Answer by Theo(13342)   (Show Source): You can put this solution on YOUR website!
main pump equals 4 hours.
aux pump equals 9 hours.
start at 9:00 am and want to end at 12:00 pm.
total of 3 hours.

rate * time = units

the units are 1 tank.

main pump can empty the tank in 4 hours so x*4 = 1 which means that the main pump can empty 1/4 of the tank in 1 hour.
the aux pump can empty the tank in 9 hours so x*9 = 1 which means that the aux pump can empty 1/9 of the tank in 1 hour.

the main pump starts at 900 am.

the total time allowed is 3 hours.

the main pump alone would therefore empty 3 * 1/4 = 3/4 of the tank in 3 hours.

that means that 1/4 of the tank still needs to be emptied.

the aux pump can empty 1/4 of the tank in how many hours?

the formula is rate * time = units of work.

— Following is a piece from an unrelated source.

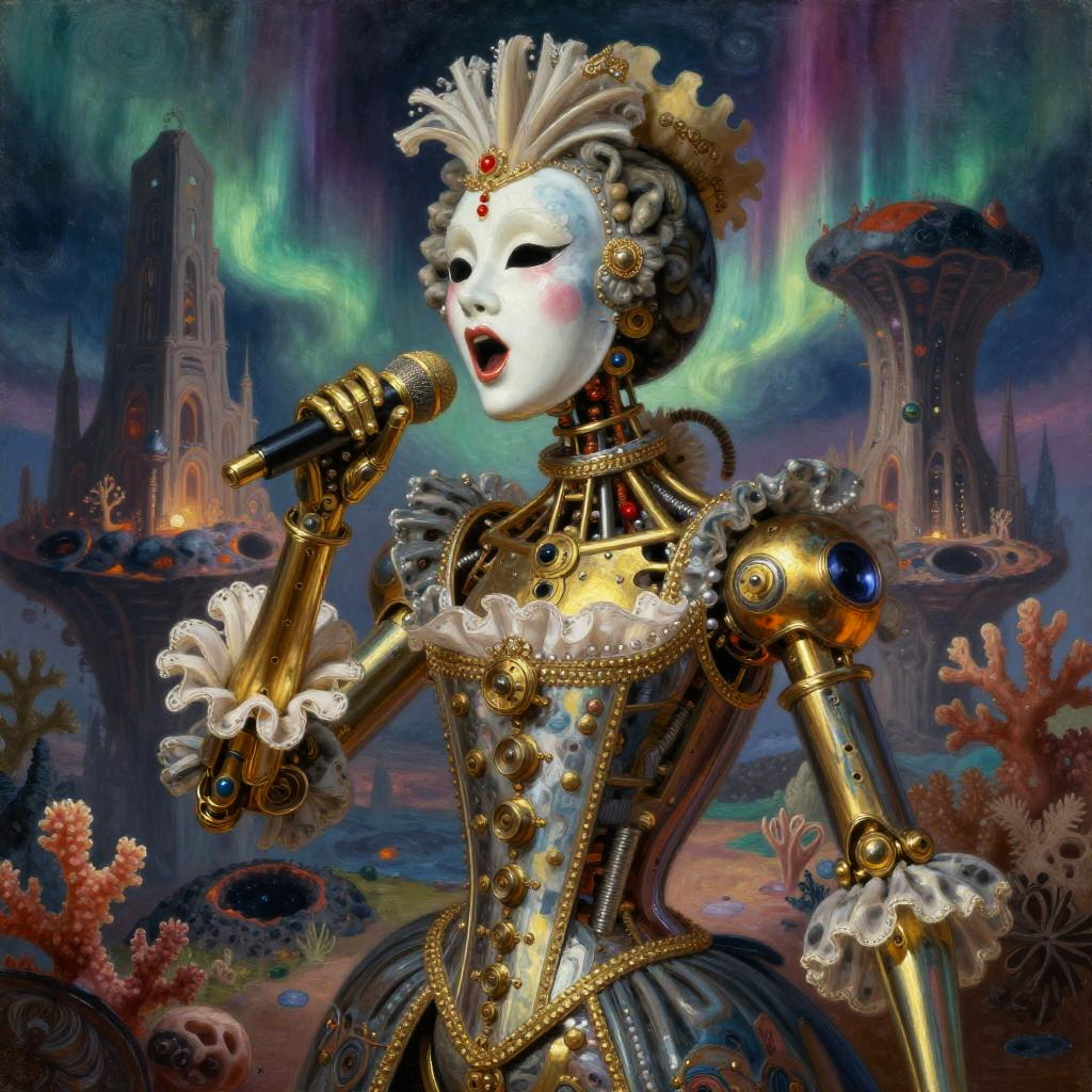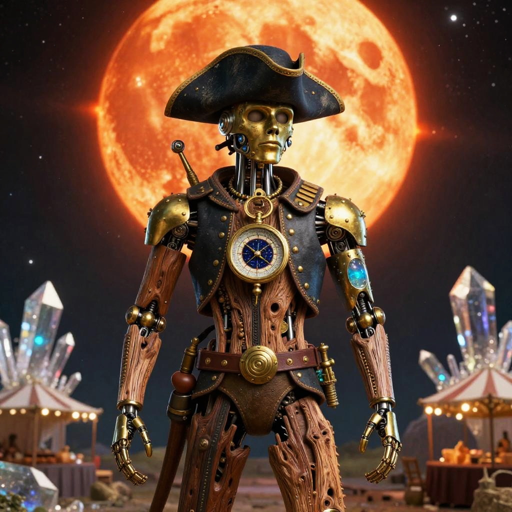 Imagine a captivating character design featuring a clockwork mantis assassin with bioluminescent plating and retractable blade-arms set against a backdrop inspired by an abandoned orbital ship graveyard beneath a looming gas giant. Rendered in photorealistic HDR cinematic matte painting at ultra-wide 6K, this scene includes elements inspired by H.R. Giger and showcases unique accessories.

we get 1/9 * x = 1/4 where x is the amount of time it will take the aux tank to empty 1/4 of the tank.

formula is:

1/9 * x = 1/4

multiply both sides of this equation by 9 to get:

x = 9/4 hours.

9/4 hours is the same as 2 + 1/4 hours.

subtract that from 12 pm and you get 9 + 3/4 hours is when the aux pump should be started.

90 + 3/4 hours is the same as 9:45 am.

here's what happens.

at 9:00 am the main pump starts pumping.

at 9:45 am the aux pump starts pumping.

by 12:00 pm the main pump has pumped 1/4 * 3 = 3/4 of the tank.
by 12:00 pm the aux pump has pumped 1/9 * 9/4 = 1/4 of the tank.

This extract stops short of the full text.